Shall I say, I have gone at dusk through narrow streets
And watched the smoke that rises from the pipes
Of lonely men in shirt-sleeves, leaning out of windows?...

I should have been a pair of ragged claws
Scuttling across the floors of silent seas.

. . . . . . . . . .

And the afternoon, the evening, sleeps so peacefully!
Smoothed by long fingers,
Asleep ... tired .. or it malingers,
Stretched on the floor, here beside you and me.
Should I, after tea and cakes and ices,
Have the strength to force the moment to its crisis?
But though I have wept and fasted, wept and prayed,
Though I have seen my head (grown slightly bald)
brought in upon a platter,
I am no prophet--and here's no great matter;
I have seen the moment of my greatness flicker,
And I have seen the eternal Footman hold my coat,
and snicker,
And in short, I was afraid.

And would it have been worth it, after all,
After the cups, the marmalade, the tea,
Among the porcelain, among some talk of you and me,
Would it have been worth while,
To have bitten off the matter with a smile,
To have squeezed the universe into a ball
To roll it towards some overwhelming question,
To say: 'I am Lazarus, come from the dead,
Come back to tell you all, I shall tell you all'--
If one, settling a pillow by her head,
Should say: 'That is not what I meant at all.
That is not it, at all.'

And would it have been worth it, after all,
Would it have been worth while,
After the sunsets and the dooryards and the sprinkled streets,
After the novels, after the teacups, after the skirts that trail along the
Floor--
And this, and so much more?--
It is impossible to say just what I mean!
But as if a magic lantern threw the nerves in patterns on a screen:
Would it have been worth while
If one settling a pillow or throwing off a shawl,
And turning toward the window, should say:
'That is not it at all,
That is not what I meant, at all.'

. . . . . . . . .

No! I am not Prince Hamlet, nor was meant to be;
Am an attendant lord, one that will do
To swell a progress, start a scene or two,
Advise the prince; no doubt, an easy tool,
Deferential, glad to be of use,
Politic, cautious, and meticulous;
Full of high sentence, but a bit obtuse;
At times, indeed, almost ridiculous--
Almost, at times, the Fool.

I grow old ... I grow old ...
I shall wear the bottoms of my trousers rolled.

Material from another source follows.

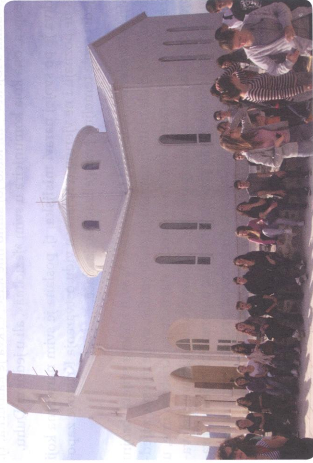
Crkva hrvatskih mučenika (Udbina)

Crkva, vođena ljubavlju i snagom Duha Svetoga, ostvaruje to poslanje tako da – primjerom života, propovijedanjem i slavljenjem sakramenata – sve ljude i narode privodi k vjeri, slobodi i Kristovu miru, kako bi postali dionici Kristova otajstva spasenja. Božja riječ je sjeme iz kojega svuda u svijetu trebaju izrasti domaće, odnosno mjesne Crkve koje, u jedinstvu s cijelom Crkvom, pridonose rastu i zajedništvu sveopće Crkve.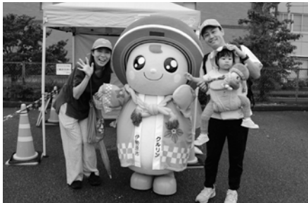
クルリングリーディング

Shall I part my hair behind? Do I dare to eat a peach?
I shall wear white flannel trousers, and walk upon the beach.
I have heard the mermaids singing, each to each.

I do not think that they will sing to me.

I have seen them riding seaward on the waves
Combing the white hair of the waves blown back
When the wind blows the water white and black.
We have lingered in the chambers of the sea
By sea-girls wreathed with seaweed red and brown
Till human voices wake us and we drown.